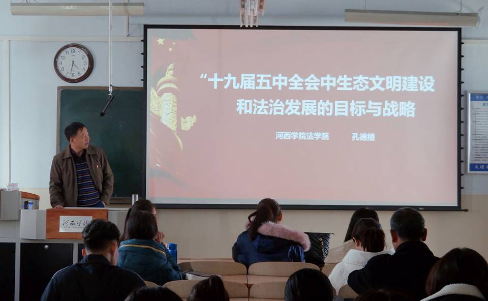 孔德播系统阐释了党的十九届五中全会的重大意义、重要成果、主要内容;深入分析了我国进入新发展阶段的重要特征,准确把握2035年远景目标和“十四五”时期我国发展主要目标和重点任务。结合河西走廊生态保护的现状,重点讲解了五中全会有关生态文明建设的规定和2035年基本实现“建设人与自然和谐共生的现代化”远景目标、新发展阶段生态文明建设领域的挑战及对策,认为生态文明是人类文明的重要组成部分,我国的生态文明建设将会取得新的历史性成就,必将建成美丽中国。
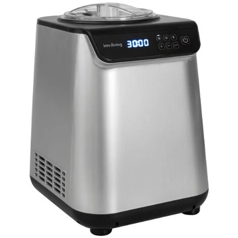 Macchina per gelato con compressore: Capacità: 1,2L. Gas refrigerante: R600a. Range temperatura di ra reddamento: -18°C~35°C. Coperchio trasparente per controllare la preparazione, con chiusura ermetica. Pannello di controllo digitale. Cestello estraibile. Rumorosità: 55dB(A) [rumorosità ambiente 17dB(A)]. Potenza: 135W. Alimentazione: 220V-240 ~ 50Hz. Dimensioni prodotto: 250x275x350mm
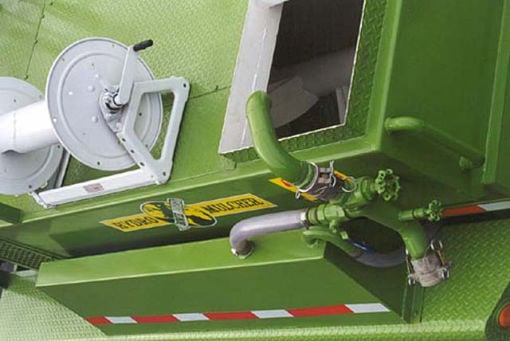 Lancer 600 de Bowie , puede aplicar su producto desde la plataforma de trabajo usando el cañón de descarga o desde el suelo usando una manguera. Puede cubrir más área con menos trabajo. Esta unidad usa un embrague para operar el agitador de tamaño completo y otro para operar la bomba. Está disponible como una unidad montada sobre patines o remolque.
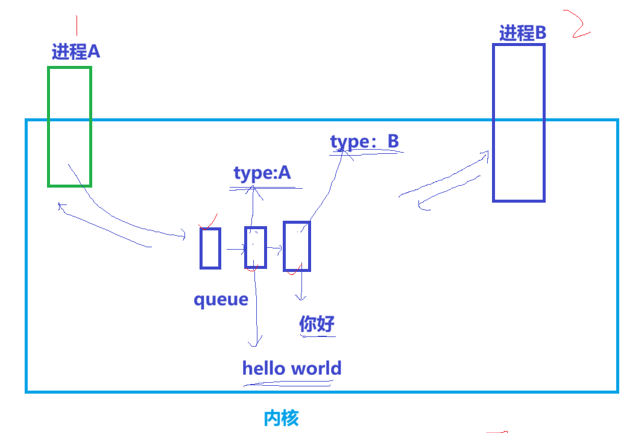 进程A将带有类型(Type: A)的数据块挂入队列。
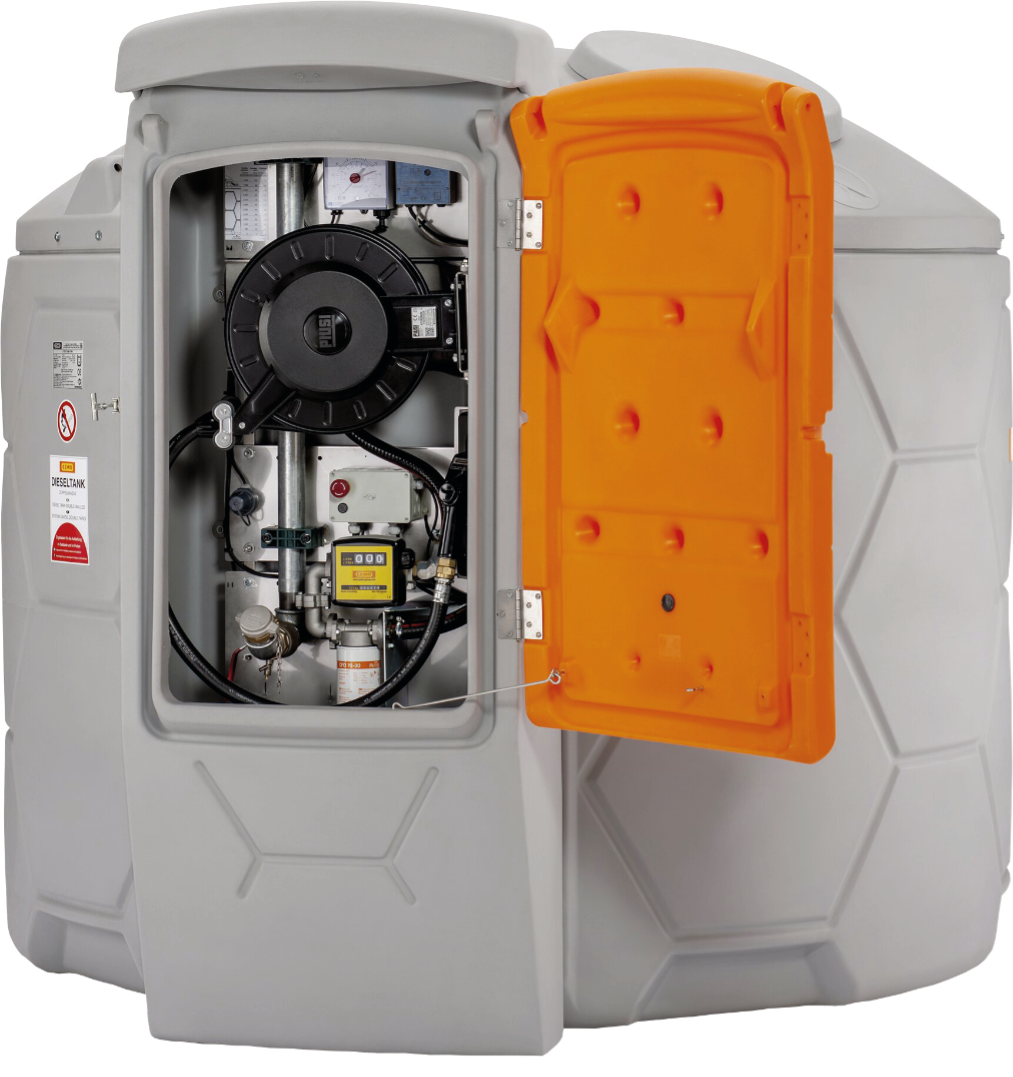 Der Tank entspricht der allgemeinen bauaufsichtlicher Zulassung Z-40.21-565. Für den Outdoorbereich gedachter und zugelassener Tank mit Befüllanschluss mit TW-Kupplung und Grenzwertgeber, Entlüftungsklappe, Revisionsöffnung mit Klappdeckel, Entnahmeleitung, Be-und Entlüftung sowie natürlich einer Füllstandsanzeige. Der Tankvorgang erfolgt über eine für Diesel, Biodiesel und Heizöl geeignete CENTRI-Tauchpumpe mit 800Watt/230 Volt und einer Förderleistung von 80 L/min. Für schnelles Betanken bei großen Tankvolumen und effizientes Arbeiten in stressigen Zeiten. Die Tankstelle verfügt über einen abschließbaren Armaturenschrank mit klappbarer Tür die gleichzeitig als Wetterschutz fungiert. Die Premium ist komplett Ausgestattet mit Tank, Pumpe, Schlauchaufroller mit 8m 1 Zoll Dieselschlauch, automatischer Zapfpistole mit 80L/min Durchfluss, Zählwerk sowie Filter mit Wasserabscheider.
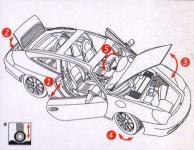 L’intérieur n’est pas en reste, il reproduit fidèlement l’habitacle du modèle original. Les spécialistes remarqueront qu’il s’agit d’un modèle avec boite auto et régulateur de vitesse (le deuxième levier à gauche du volant) et volant trois branche (sportif), on remarque aussi que ce modèle n’a pas le système de navigation (il s’agissait d’une option rare car elle était particulière onéreuse au regard de son usage). Comme pour le coffre et le moteur, de nombreuses pièces sont peintes : les poignées de porte, le bouton rouge des attaches de ceintures, le levier de vitesse, le bouton warning et la poignée de la boite à gant. Il ne manquait plus que les 6 boutons noirs de part et d’autre de l’auto radio pour que ce soit complet.
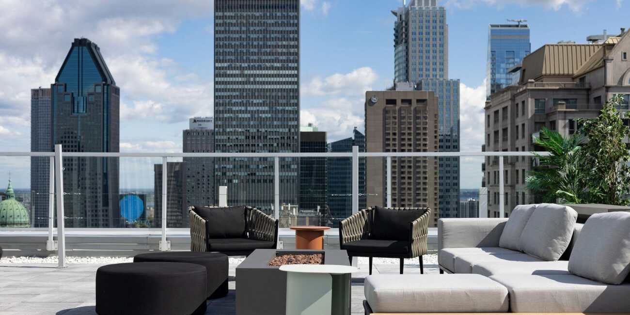 Amenities & Lifestyle Programming: Rooftop terrace with panoramic city views.
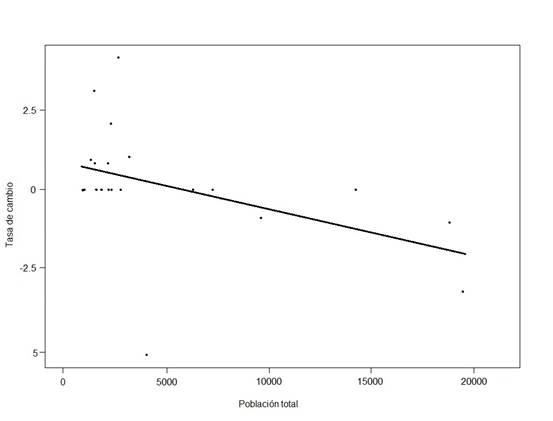 A pesar de que las tendencias socioeconómicas sostienen una relación lógica con la dinámica del CCUS, el modelo de regresión simple aplicado entre las tasas de cambio de los municipios de la RTC y las variables socioeconómicas, en ambos periodos, muestra que no existen factores únicos que expliquen los procesos del CCUS. No obstante, el modelo destaca una relación estadística negativa (R2 = 0.19; P = 0.039) entre la variable población total y la tasa de cambio del bosque de encino en los municipios de la RTC; es decir, mientras la población total es menor, las tasas de cambio son positivas, lo que representa una recuperación de la cobertura del bosque (Figura 6).
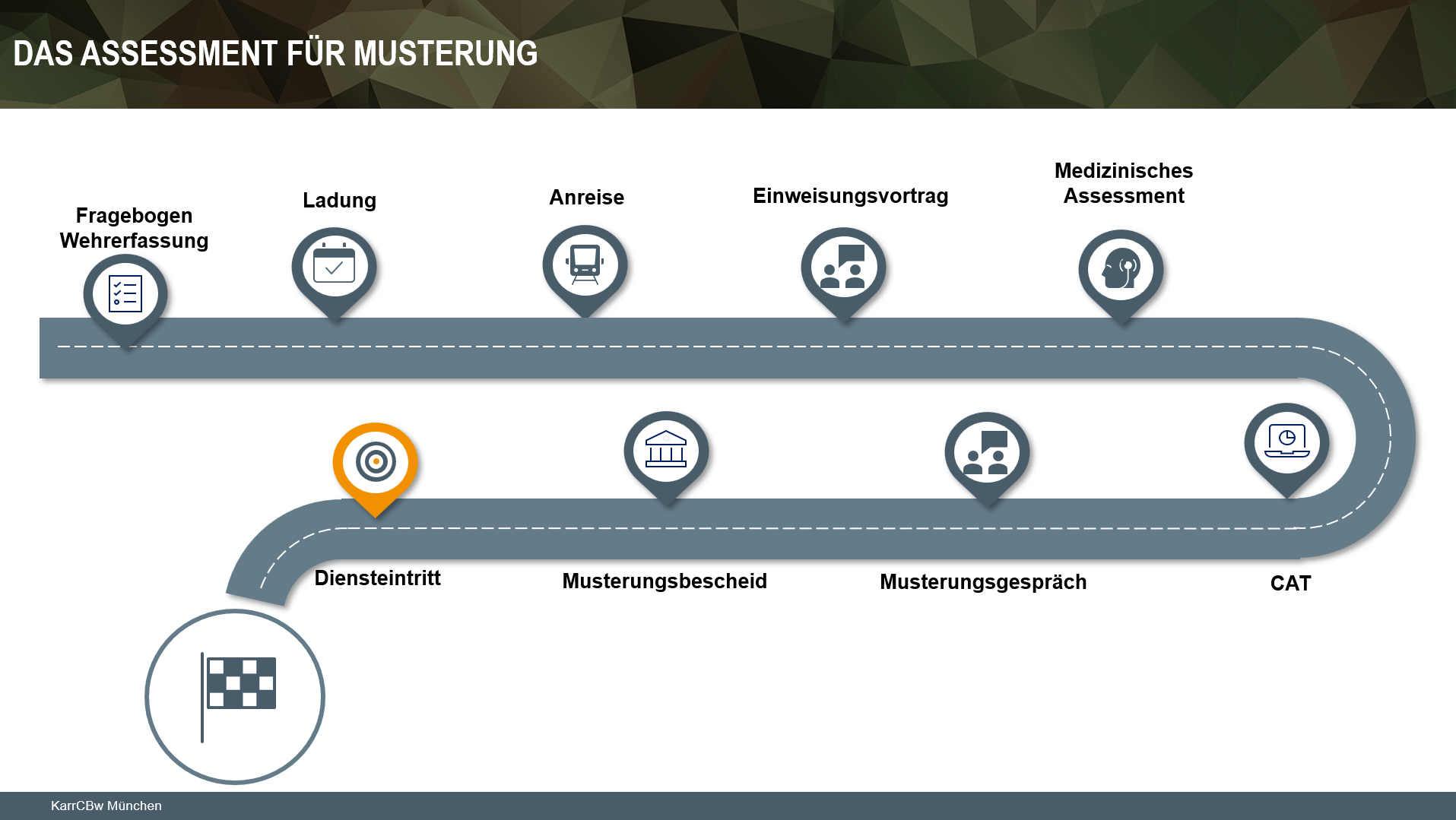 Das Karrierecenter der Bundeswehr in München ermittelt im Rahmen eines Assessments die Eignung von Bewerbenden für den Freiwilligen Wehrdienst sowie die Laufbahnen der Mannschaften Unteroffiziere und Feldwebel (inklusive Reservedienst). Die Verfahren sind verlässlich, verbindlich, verständlich und vorurteilsfrei.
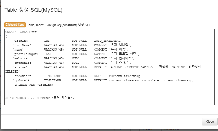 마우스 커서를 맨 앞에 두고 실행하면 table을 생성할 수 있다!
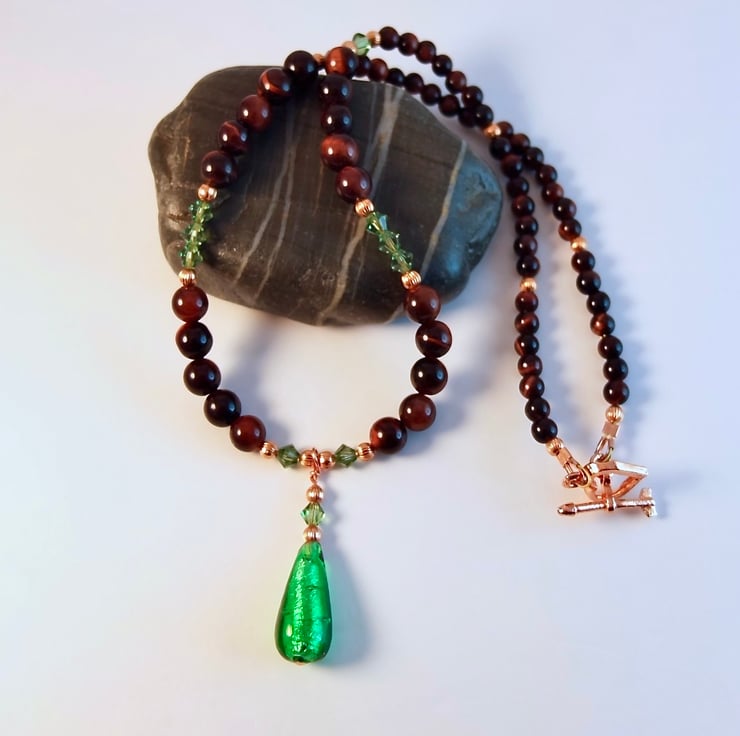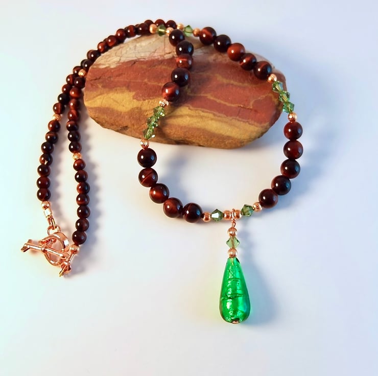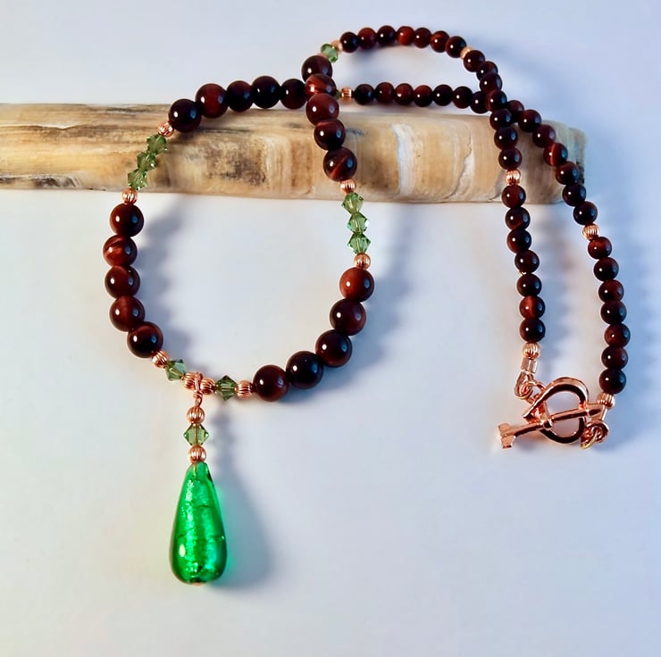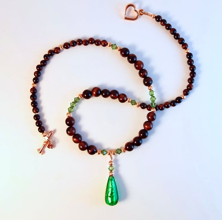 The pendant is set between copper and Swarovski crystal, and 6mm red Tiger's Eye beads.
* * * *
### Task description
Find the line with "Lancer 600 de" and the line with "进程A将带有类型(Type: A)的数据块挂入队列。" in the records above. Copy both and all lines between them exactly, without pictures.

### Task result
 Lancer 600 de Bowie , puede aplicar su producto desde la plataforma de trabajo usando el cañón de descarga o desde el suelo usando una manguera. Puede cubrir más área con menos trabajo. Esta unidad usa un embrague para operar el agitador de tamaño completo y otro para operar la bomba. Está disponible como una unidad montada sobre patines o remolque.
 进程A将带有类型(Type: A)的数据块挂入队列。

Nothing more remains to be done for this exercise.